Creating a new piece of software, or adding a new feature to some existing software, can often be done fairly quickly and inexpensively. And so the benefits of a new feature often seem to easily outweigh the costs of development.

In the grander scheme of things, however, all of the following economic factors need to be considered.

  1. Small development efforts that can be completed quickly and reliably often deliver more economic benefit than larger efforts that take longer to deliver and are at higher risk of failure.

  2. Developing a feature before it is definitely needed often results in a feature that is never used or one that requires significant rework before it becomes useful.

  3. Developing a feature with at best a marginal return on investment is rarely worth the effort, since actual costs tend to exceed initial estimates, whereas actual benefits often have trouble living up to early projections.

  4. Developing an application or feature that is already available from another source within the marketplace may prove to be a wasted effort.

  5. Developing unique software for a particular customer is generally only economically beneficial if that software genuinely aids that customer in differentiating themselves from their competitors in the marketplace.

  6. While features that are fashioned carefully to support existing business processes are often requested and appreciated by current customers, in the long term such software can be costly to maintain, if it must be reworked each time processes and customers and business trends change. It is often much more cost-effective to simplify and generalize the design so that it can be used more flexibly by a broader range of customers across a wider spectrum of business processes.

  7. The costs of supporting a piece of software over its entire life span are often much greater than the initial development costs. What often gets ignored are the costs of sustaining a set of features over a decade or two or three, including data storage, backup and archival costs, as well as the cost of maintaining the software.

  8. As technology ages and becomes obsolete over time, the costs of replacing existing software must also eventually be taken into account.

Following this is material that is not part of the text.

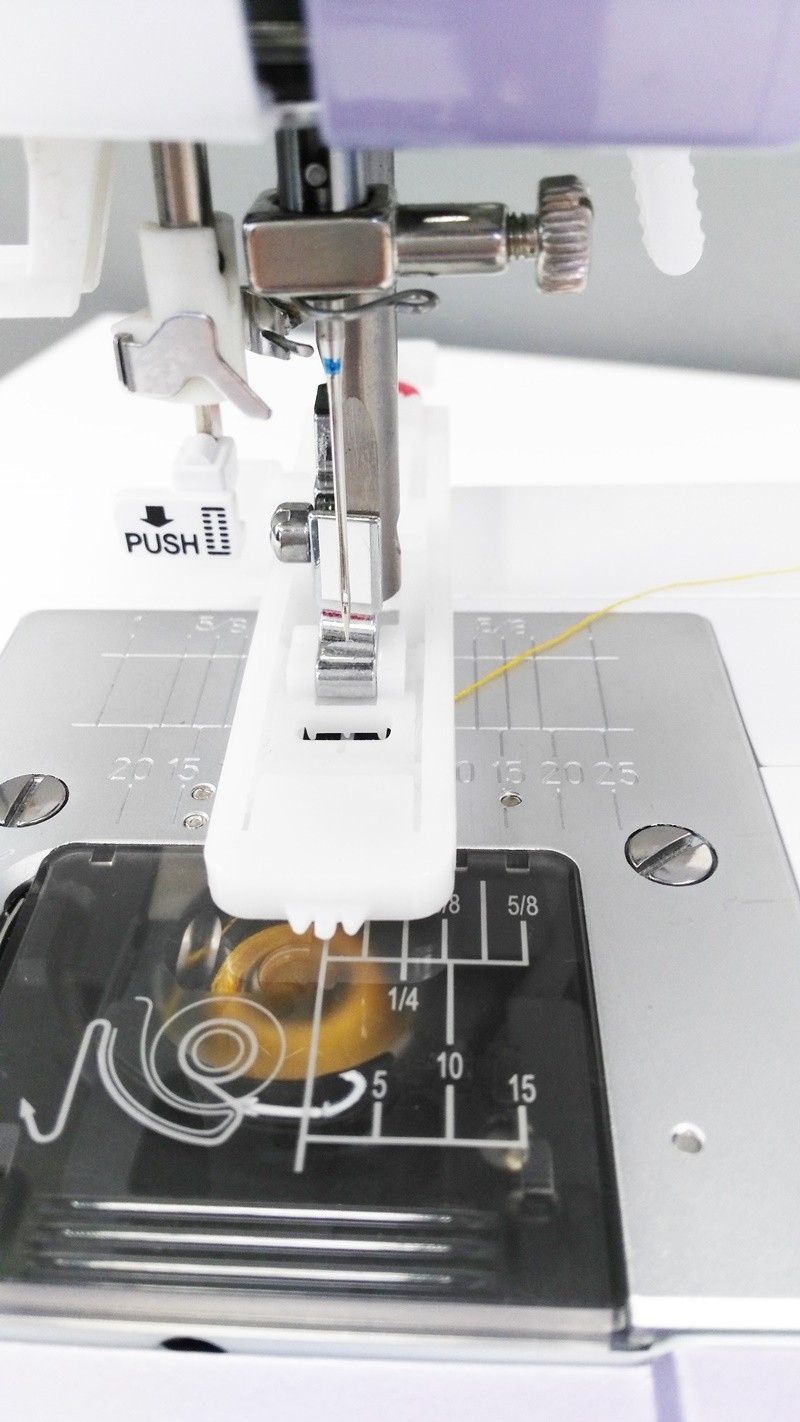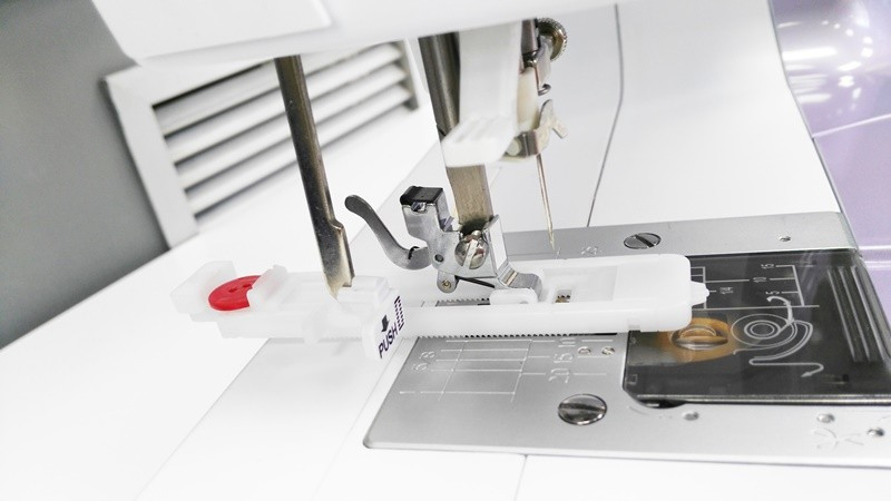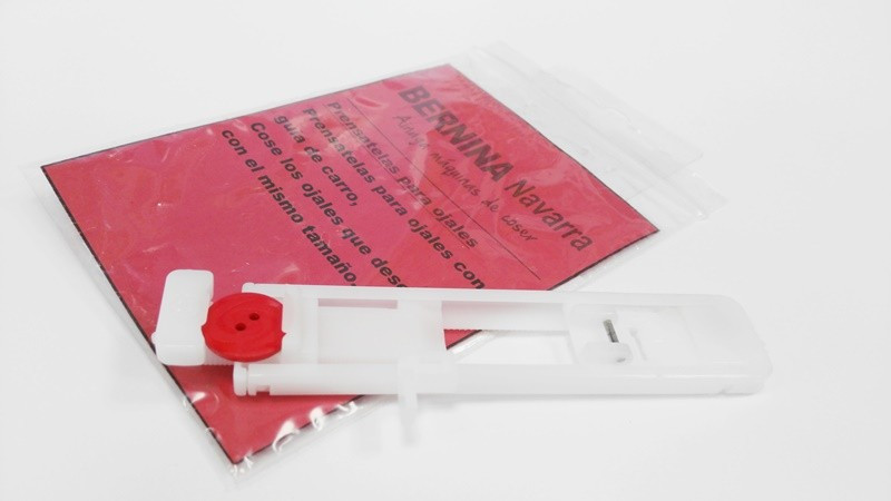Prensatelas para hacer ojales con guia de carro. Colocas un botón y automaticamente y en un solo paso con la guia cose los ojales que desees con ese tamaño.

  9. Each new feature necessitates additional regression testing which must be repeated with each new software release, to ensure that some other change has not inadvertently broken this feature.

  10. As new features are added to a product, the overall complexity of the product increases, which tends to drive up maintenance costs, as it becomes more difficult to add additional features, or make additional changes. Such complexity also increases the cost of the eventual software replacement.

  11. Developing a new class of software that is in its early stages is often more rewarding than continued refinement of an older piece of software that has been around for years if not decades. For example, developing a new client for mobile devices might be more financially advantageous than further refinements to a back-office application that is already working reasonably well.

  12. Acquiring commercial or open-source software developed to be used by a broad range of customers with similar interests can often be more cost-effective than developing new software for a specific customer.

  13. However, one must also consider the business model behind any potential software supplier. Will they survive, or go out of business and leave their customers without a viable path forward? Conversely, will they thrive, but only by continually charging customers for new releases that may combine necessary technical upgrades with unneeded new features, resulting in software bloat over time?